## Task instructions:
For the data below, retype word for word the lines from the one containing "mašo je mnogo" through the one containing "淡いサックスカラーが目を惹く、フリルデザインのシャツ。"; drop the pictures.

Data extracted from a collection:
-*-*-

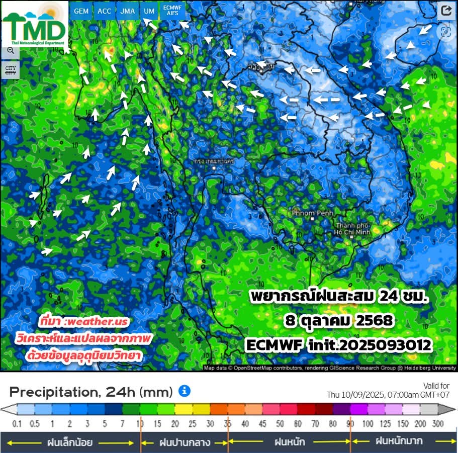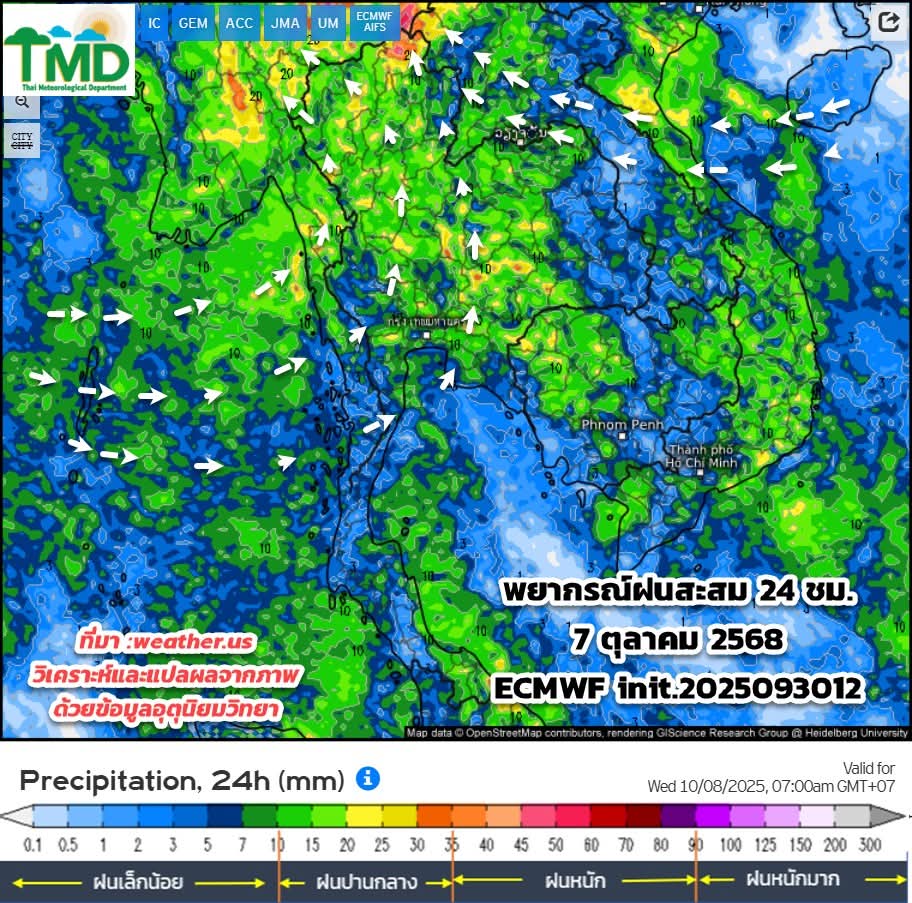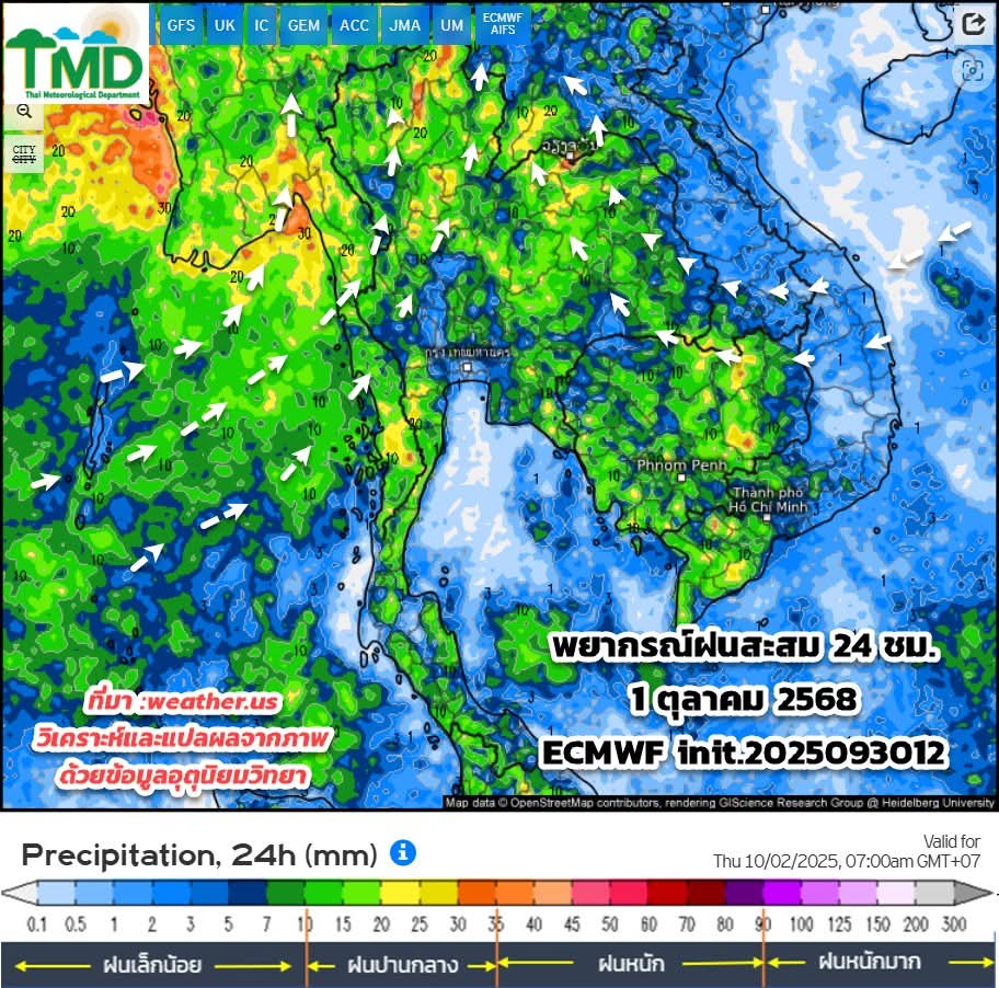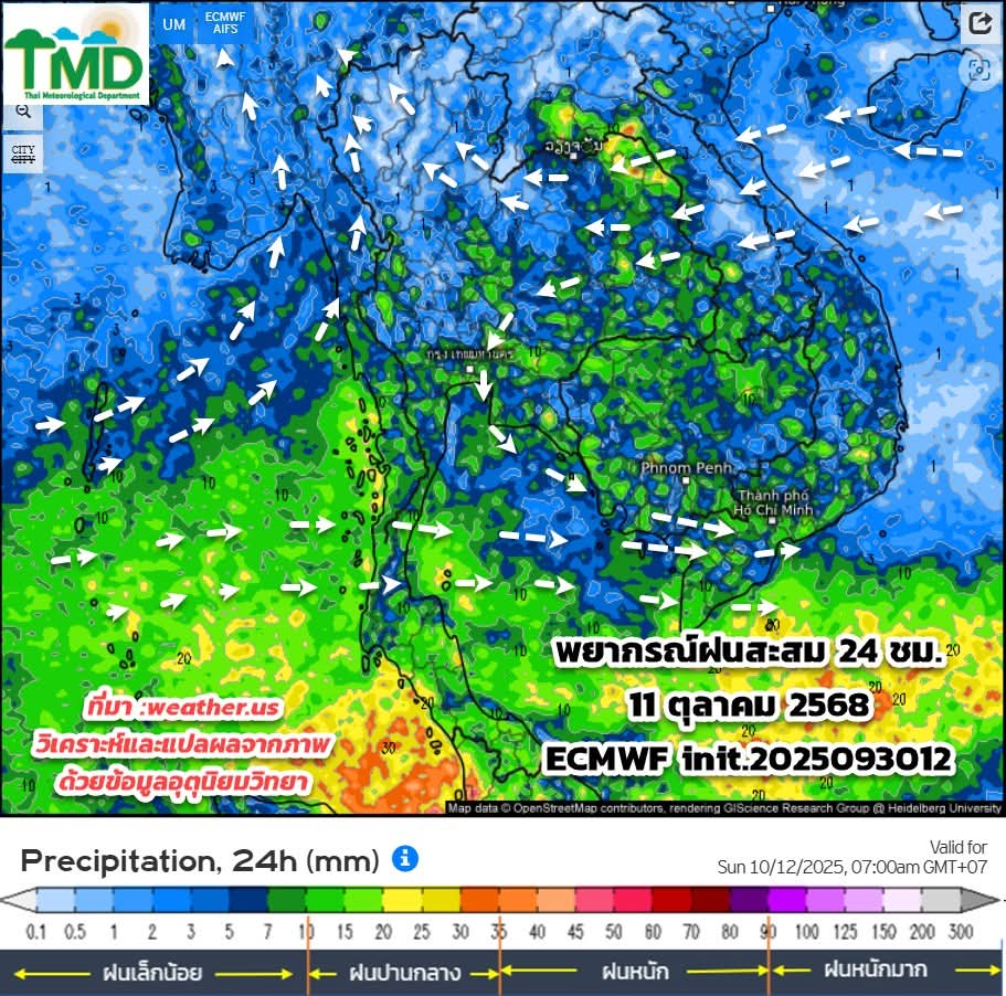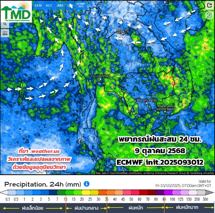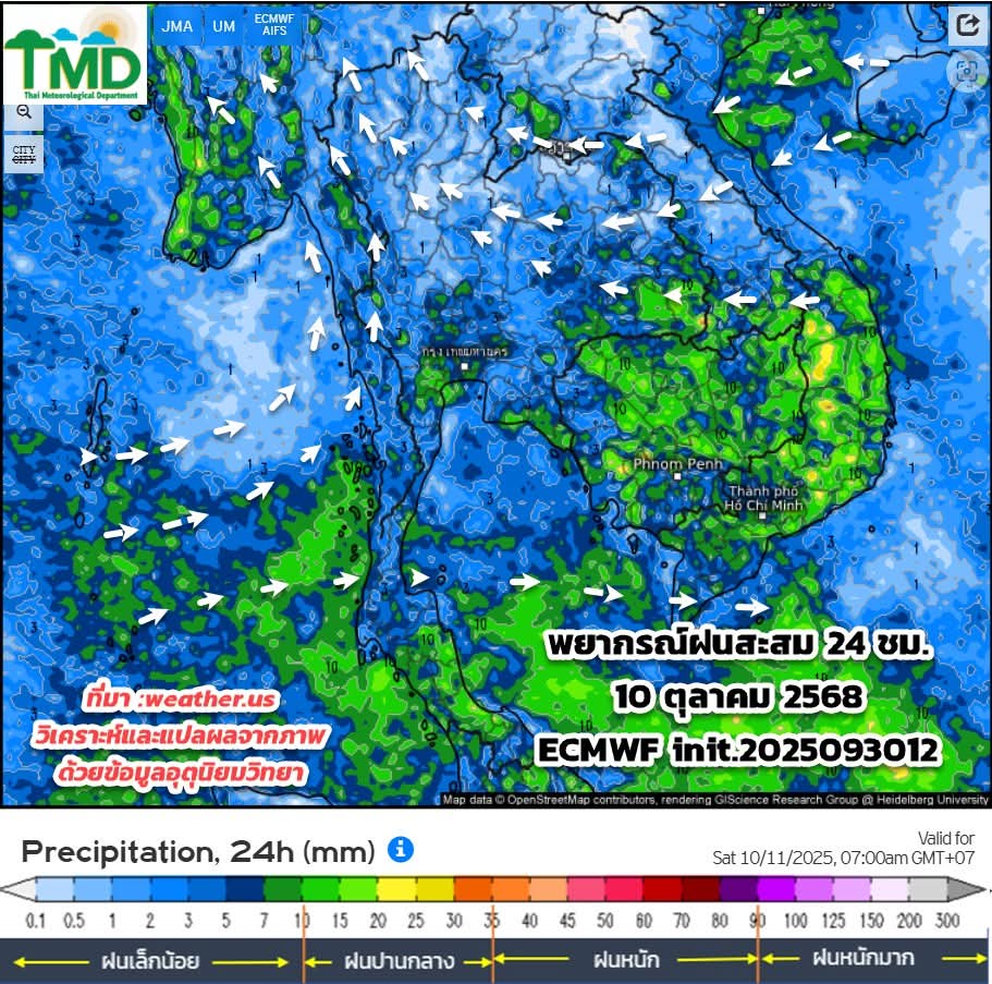 สำหรับช่วงตั้งแต่วันที่10ต.ค. 68 เริ่มมีสัญญาณของลมเปลี่ยนทิศทางเป็นลมตะวันออก ตะวันออกเฉียงเหนือมากขึ้น บ่งชี้เริ่มจะมีมวลอากาศเย็นแผ่ลงมา แต่ช่วงนี้ยังเป็นช่วงเปลี่ยนผ่านฤดู วันเดียวอาจมีทั้งฝน ทั้งอากาศเย็นตอนเช้า อากาศร้อนตอนกลางวันได้ ทิศทางลมแปรปรวน ต้องระมัดระวังรักษาสุขภาพ (ข้อมูลยังมีการเปลี่ยนแปลง ใช้ข้อมูลนี้เพื่อเป็นแนวทางในการเฝ้าระวังติดตามสภาพอากาศจะได้ไม่ตื่นตระหนกกับข่าวลือ)
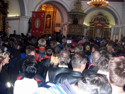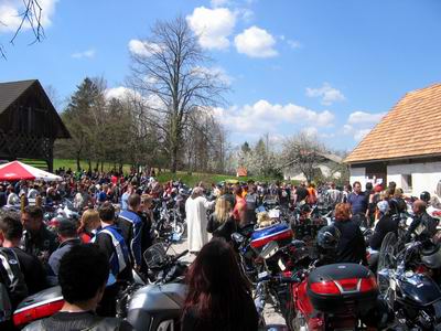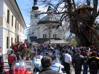 mašo je mnogo motoristov moralo spremljati tudi zunaj, cerkev je bila
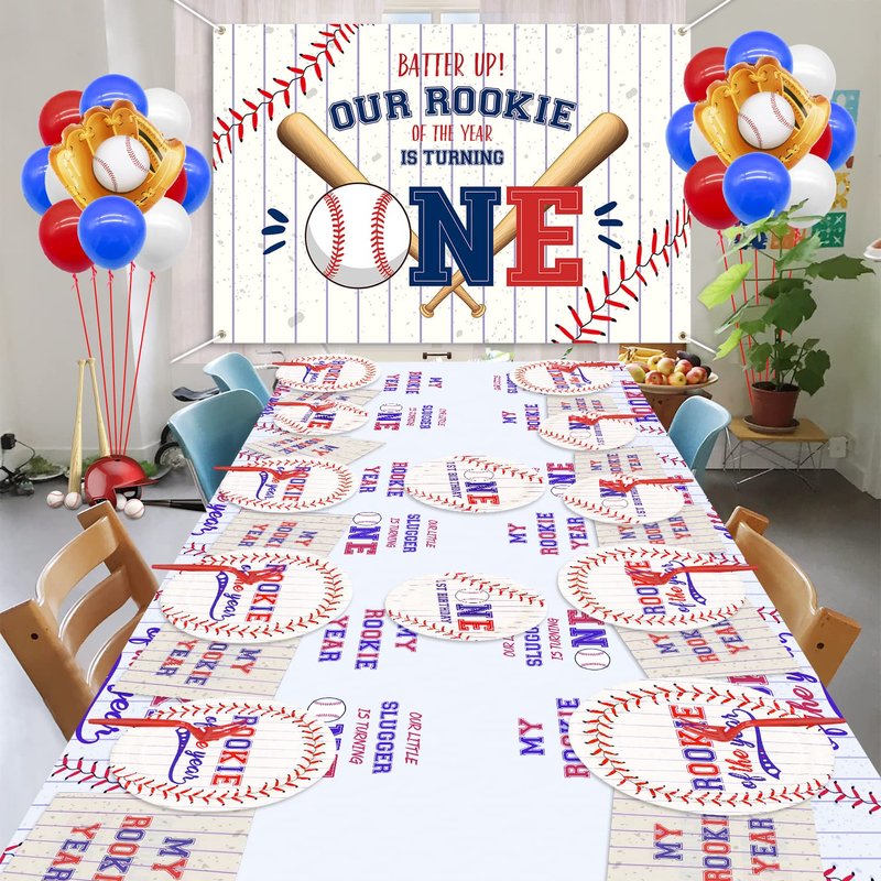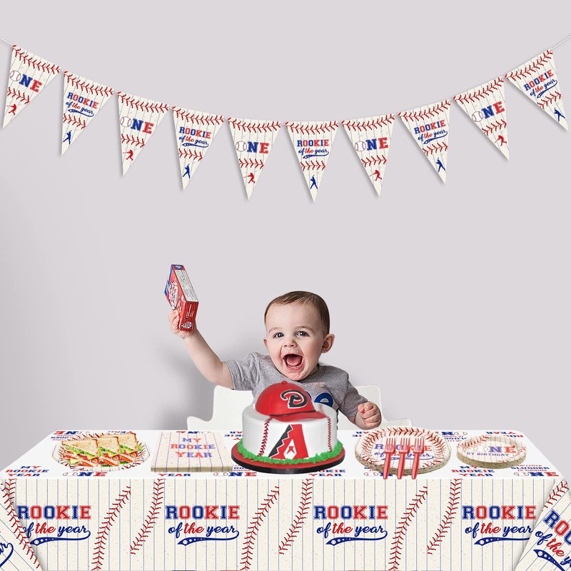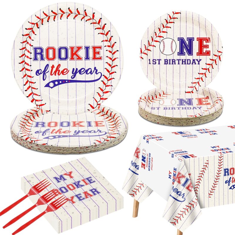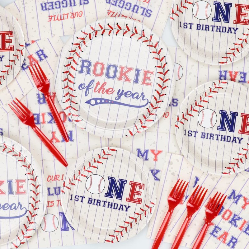 - 【Perfect Baseball Themed 1st Birthday Party Decorations】On the base of baseball, we chose the classical baseball-themed colors(red, blue, white) to design “MY ROOKIE YEAR” tableware. These exciting baseball decorations are sure to be a hit will all your guests, kids who are interested in sports themes.
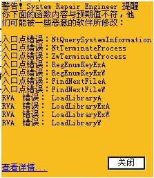 今天用System Repair Engineer检查了一下启动项目,发现弹出如图的提示框,根据
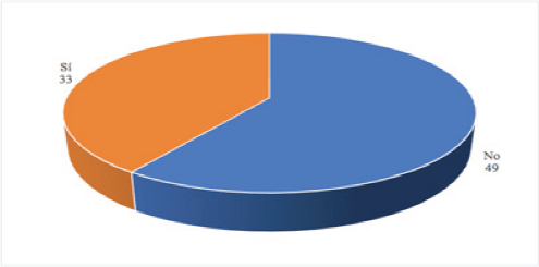 Del total de la muestra, 33 personas (40%) refirieron tener hijos en edad escolar que toman clases virtuales (vía internet o televisión) (Figura 9). De los cuales, 25 son mujeres y 8 varones; además, 26 de ellas mencionaron que tuvieron que adquirir un equipo para ello y 28 tuvieron que contratar algún servicio de internet.
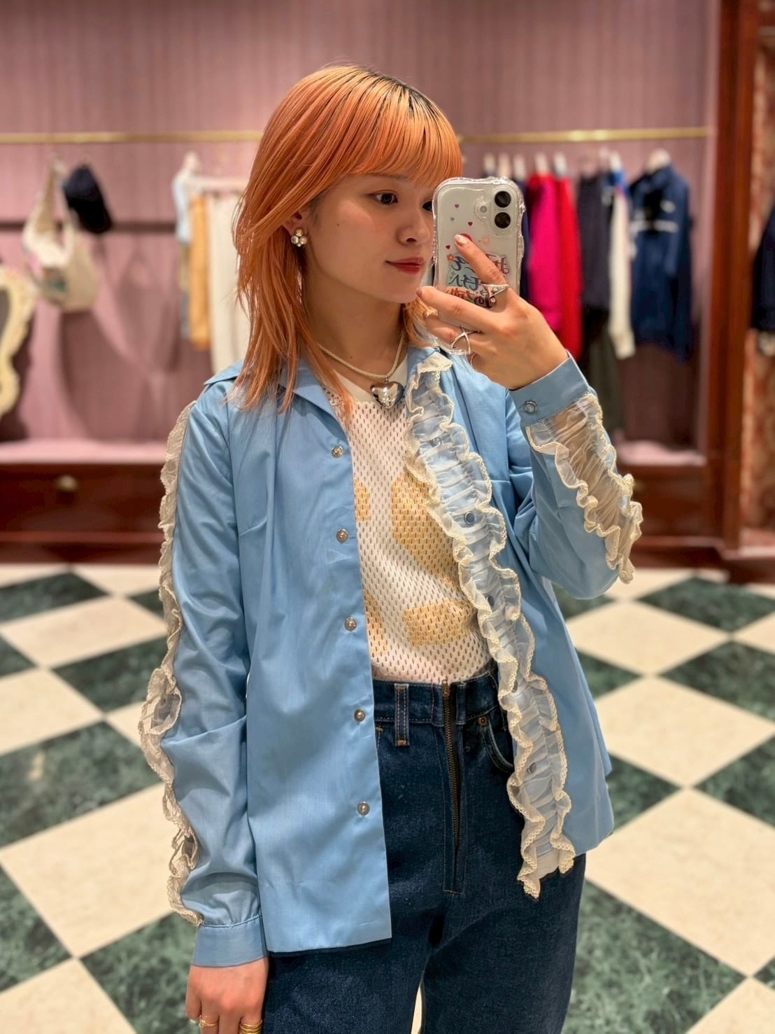 淡いサックスカラーが目を惹く、フリルデザインのシャツ。
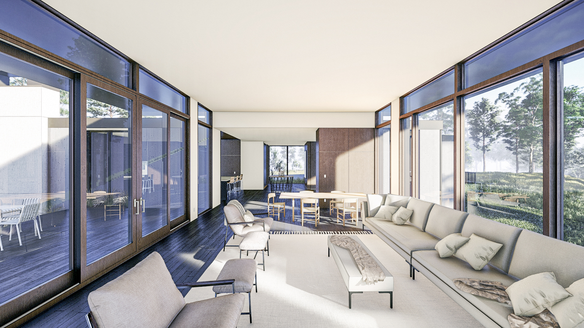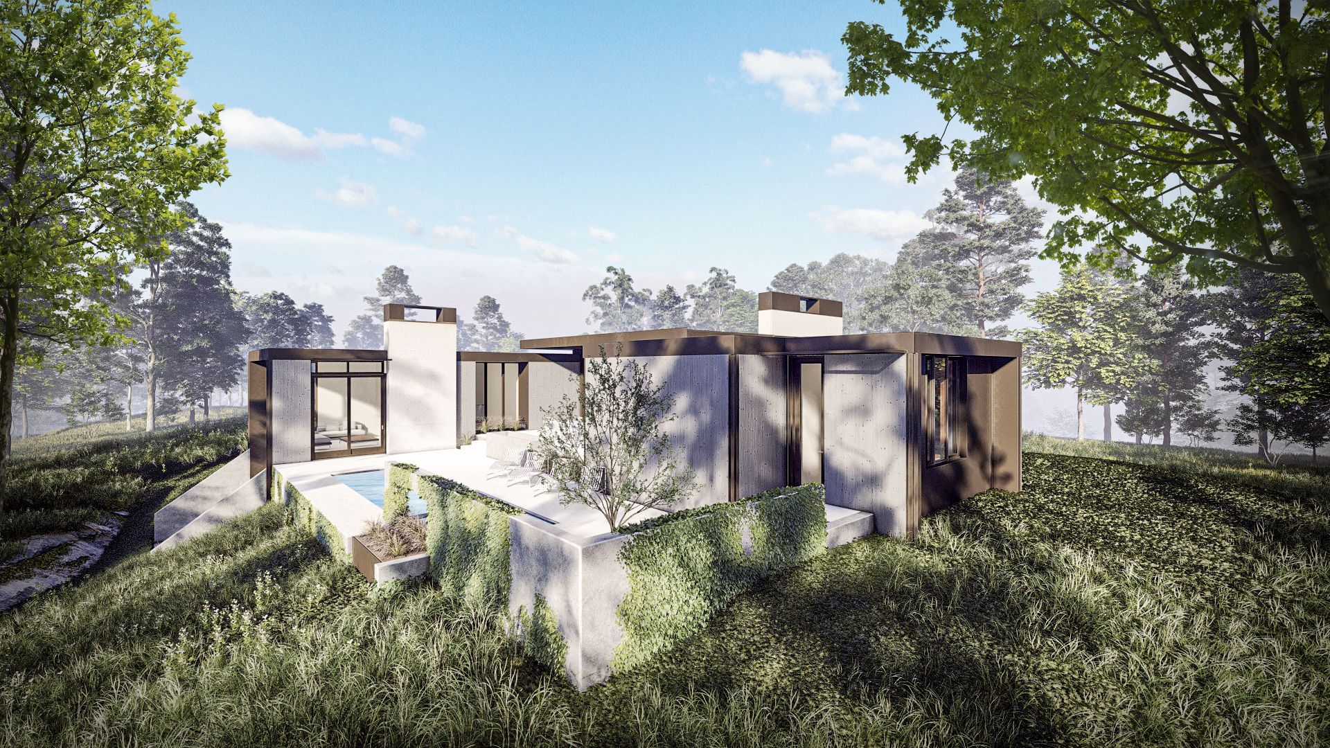The Blandemar Residence embodies our commitment to crafting personalized, sustainable homes that reflect modern living standards. Nestled in a serene setting, this residential project combines luxury with eco-conscious design. The residence is tailored to meet the specific needs and preferences of its active owners. The home is an ambitious balance of site and program tucked away in the hills of central Virginia. The site presented a few key challenges that limited the overall area available for the new build site. To accommodate those limitations we crafted a sequence of spaces that flow along the ridge line of the hill at the heart of the site. The spaces within the interlocking volumes are configured for a carefeullyinternal life while always maintaining a strong visual and physical connection to the hardwood forest that surrounds the home.
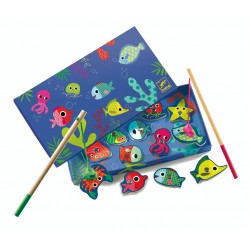 Pronti per una partita di pesca? Ci sono gli animali marini in legno, 2 canne da pesca e una graziosa scatola che si trasforma in fondale marino. La partita di pesca può incominciare! I bambini afferrano i pezzi di legno con la calamita, aiutandosi con la canna.
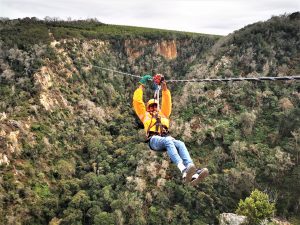 Our Knysna Zipline has especially been designed and installed to enhance the natural beauty of the Kranshoek Sanparks picnic site. The ziplines are some of the longest you will experience and definitely not for someone with a fear of heights. Extremely long cables crisscross the gorge at the picnic site and with heights of +- 200 meters it will certainly be a memorable experience.
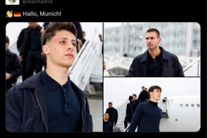 皇馬球員們已經(jīng)抵達慕尼黑,準備參加這場重要比賽,官方社媒曬出球員們的照片,德語配文:“你好,慕尼黑!”

-*-*-

## Response:
 mašo je mnogo motoristov moralo spremljati tudi zunaj, cerkev je bila
 - 【Perfect Baseball Themed 1st Birthday Party Decorations】On the base of baseball, we chose the classical baseball-themed colors(red, blue, white) to design “MY ROOKIE YEAR” tableware. These exciting baseball decorations are sure to be a hit will all your guests, kids who are interested in sports themes.
 今天用System Repair Engineer检查了一下启动项目,发现弹出如图的提示框,根据
 Del total de la muestra, 33 personas (40%) refirieron tener hijos en edad escolar que toman clases virtuales (vía internet o televisión) (Figura 9). De los cuales, 25 son mujeres y 8 varones; además, 26 de ellas mencionaron que tuvieron que adquirir un equipo para ello y 28 tuvieron que contratar algún servicio de internet.
 淡いサックスカラーが目を惹く、フリルデザインのシャツ。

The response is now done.